In theory, the 2012 Arbitration Law significantly improved the legal landscape for arbitration in  KSA, which had previously been governed by an Arbitration Law enacted in 1983. In the intervening  years, the Kingdom acceded to the New York Convention (1994) and the United National Commission on  International Trade Law (UNCITRAL) created the ‘Model Law on International Commercial Arbitration’ (1985, with amendments in 2006). The 2012 Arbitration Law is based on the Model Law but incorporates significant local law elements; for  example, any arbitral award can be challenged if it is inconsistent with Shari’ah. The Law applies  to both domestic arbitration and international commercial arbitration with a Saudi seat, but not to  foreign arbitral awards; with its remit limited in this way, the new law only went so far in  ameliorating the legal environment for parties arbitrating disputes in the Kingdom.

Positive outcomes

Even so, a number of positive trends have materialised as a result of the new legislation: the  local courts have been generally supportive, for example in a number of cases they have declined to hear claims subject to binding arbitration clauses; and courts have  recognised parties’ rights under the 2012 Law to adopt the rules of external arbitration centres as  their agreed procedures.

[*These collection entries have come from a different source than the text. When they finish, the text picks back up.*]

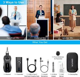 endo microfono lavalier wireless mai usato e con le seguenti caratteristiche: - marca KIMAFUN; - modello KM-G70; - trasmette il segnale audio a 2,4 Ghz; - portata di circa 50 metri in campo libero; - trasmettitore con microfono integrato, clip in metallo e connettore da 3,5 mm per collegare il microfono con filo compreso nella fornitura; - ricevitore dotato di jack da 3,5 mm per collegarlo ad amplificatori, mixer, altoparlanti attivi o altre apparecchiature; - entrambi i dispositivi hanno una batteria agli ioni di litio da 400 mAh. La fornitore comprende: - custodia; - trasmettitore; - ricevitore; - microfono con filo; - adattatore da 3,5 mm e 6,5 mm; - cuffia per microfono; - cavo USB con doppia spina type-C; - manuale in italiano. Prezzo 30 euro non trattabile (non accetto offerte inferiori) con consegna a mano oppure spedizione con TuttoSubito.
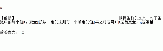 圆的面积S与半径R之间的关系式是S=πR2,其中自变量是______.
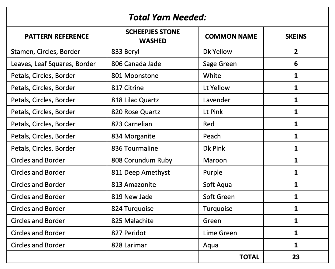 The fabulous Macaroon Blossom Afghan Blanket Crochet Pattern (by Astri Elizabeth) via The Gilliangladrag LYS Ravelry Store. Crocheted using our Scheepjes Stonewashed yarn. There are YouTube Video tutorials detailed in the pattern once you buy it.
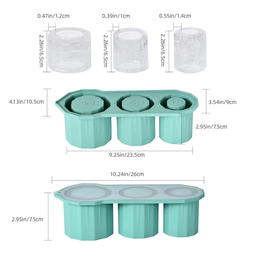 Size of ice mold- This ice cube tray can change 3 large hollow cylinder in cubes in different sizes. 1st+2nd are compatible with 20oz stanley cups, 2nd+3rd are compatible for 30oz stanley cups, 1st+2nd+3rd are compatible for 40oz stanley cups.
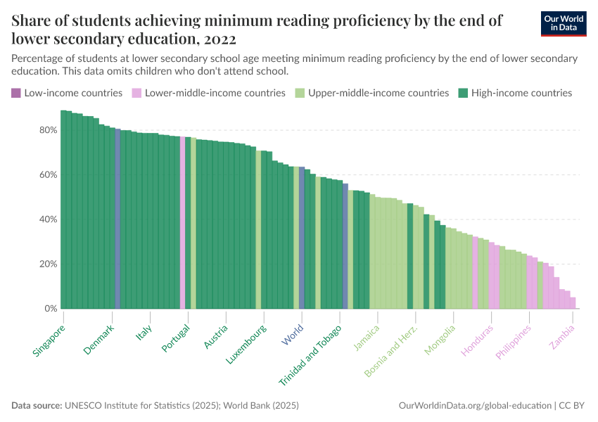 “Data Page: Share of students achieving minimum reading proficiency by the end of lower secondary education”, part of the following publication: Hannah Ritchie, Veronika Samborska, Esteban Ortiz-Ospina, and Max Roser (2023) - “Global Education”. Data adapted from UNESCO Institute for Statistics. Retrieved from https://style-labor-employmentrate-c.owid.pages.dev:8789/20260122-091445/grapher/share-of-students-at-end-of-lower-secondary-education-with-minimum-reading-proficiency.html [online resource] (archived on January 22, 2026).How to cite this data
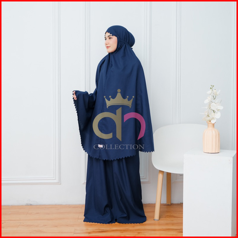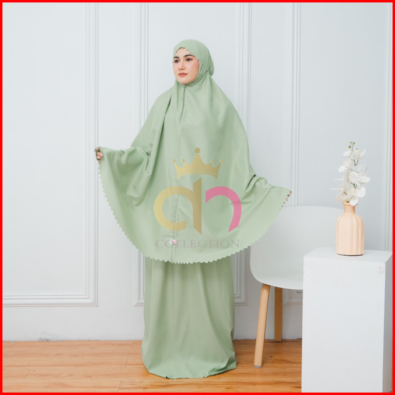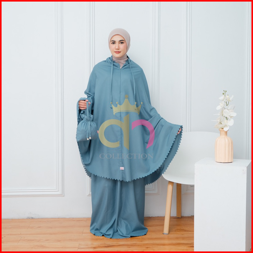 Queensha Mukena Traveling Polos Dewasa Terbaru Laser Cut 2in1 Resleting Katun Inport Free Tas Pouch Serut Mutiara
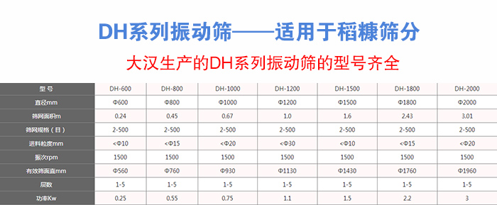 大漢生產(chǎn)的DH系列振動(dòng)篩的型號(hào)有(直徑單位:mm):DH-400、DH-600、DH-800、DH-1000、DH-1200、DH-1500、DH-1800、DH-2000等八種標(biāo)準(zhǔn)型號(hào)。不同型號(hào)的DH系列振動(dòng)篩滿足不同稻糠的篩分產(chǎn)量,下面小編就根據(jù)用戶常使用的兩款稻糠來為您做個(gè)簡單的介紹:
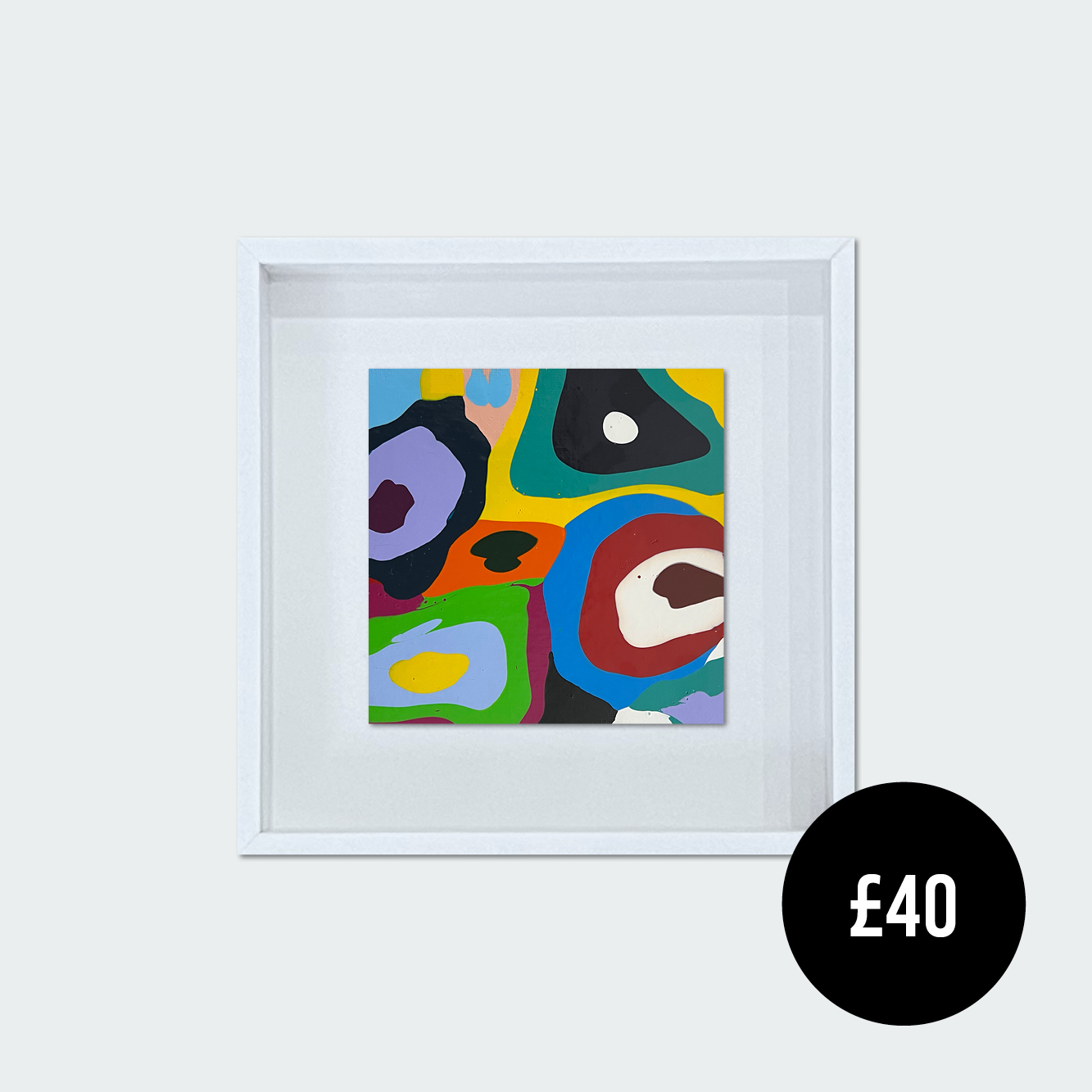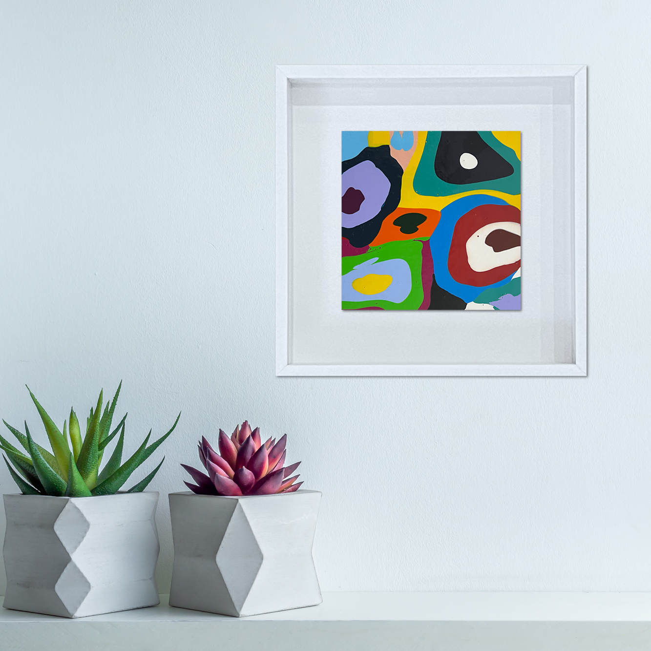 The bright colours make me think of all my favourite sweets! Created using acrylic pouring paints on canvas and framed in a 45mm deep 275mm square wooden frame.
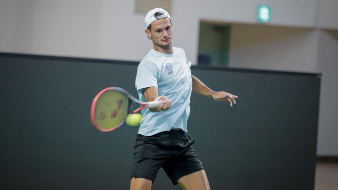 Juan Pablo Ficovich trabaja en cancha en el Gimnasio Gijang, enfocado en su estreno con la camiseta argentina en la serie de Copa Davis ante Corea del Sur (Crédito: Prensa AAT)
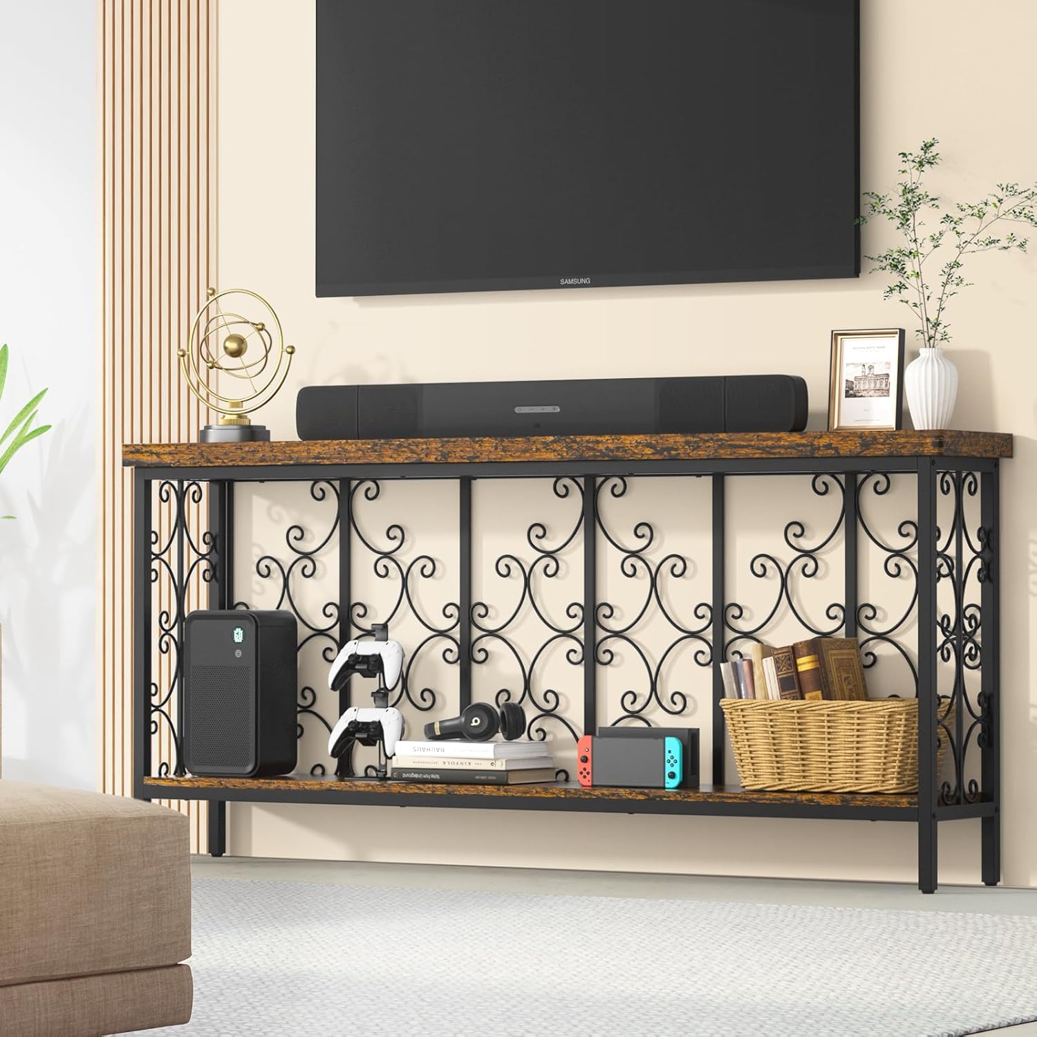 ikkle 70.9" Extra Long Console Table, Industrial Narrow Sofa Table Behind Couch with 2 Tier Storage Shelf, Entryway Hallway Accent Table for Living Room, Foyer, Rustic Brown
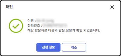 지문과 일치하는 방문자가 검색되면 확인 메시지가 나타납니다. 신청 정보 버튼을 클릭하세요.
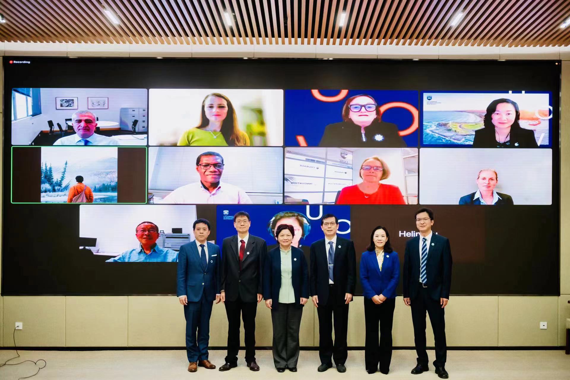 3月13日,我校与伍伦贡大学举行中外合作办学机构联合管理委员会会议,共谋两校合作事宜,开启双方合作新篇章。校长郝芳华、校党委副书记陈迪明,伍伦贡大学校长帕特里夏·戴维森(Patricia M. Davidson)、国际事务副校长威尔玛·维亚勒(Wilma Vialle)出席会议。
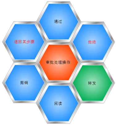 对于一个流程处理操作,我们知道一般有审批通过、拒绝、退回到某步骤、转发到内部阅读、阅读,以及包括起草者能撤销表单呢等操作,当然如果还有一些具体的业务,可能还会有一些流程的处理才操作,不过基本上也可以归结为上面几种,只是他们每步处理的数据内容不同而已。因此审批的操作步骤分类如下所示。
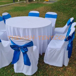 เช่าโต๊ะ-โต๊ะจีน1.5ม.+เก้าอี้พลาสติกคลุมผ้าสีขาว+โบว์สีน้ำเงิน

Indeed, in a recent case concerning an arbitration governed by   the International Chamber of Commerce  (ICC) Rules, the Dammam Court of Appeal required the claimant to file its Request for Arbitration  with the ICC as the first step, and therefore declined the claimant’s application for the court to  appoint the arbitrators.

Furthermore, arbitral awards (domestic and foreign awards with Saudi seats) made under the 2012 Law  have the same status as court decisions once they are ratified; and, combined with the 2013  Enforcement Law, there is now a detailed process available to parties for converting an arbitral  award into a recovery.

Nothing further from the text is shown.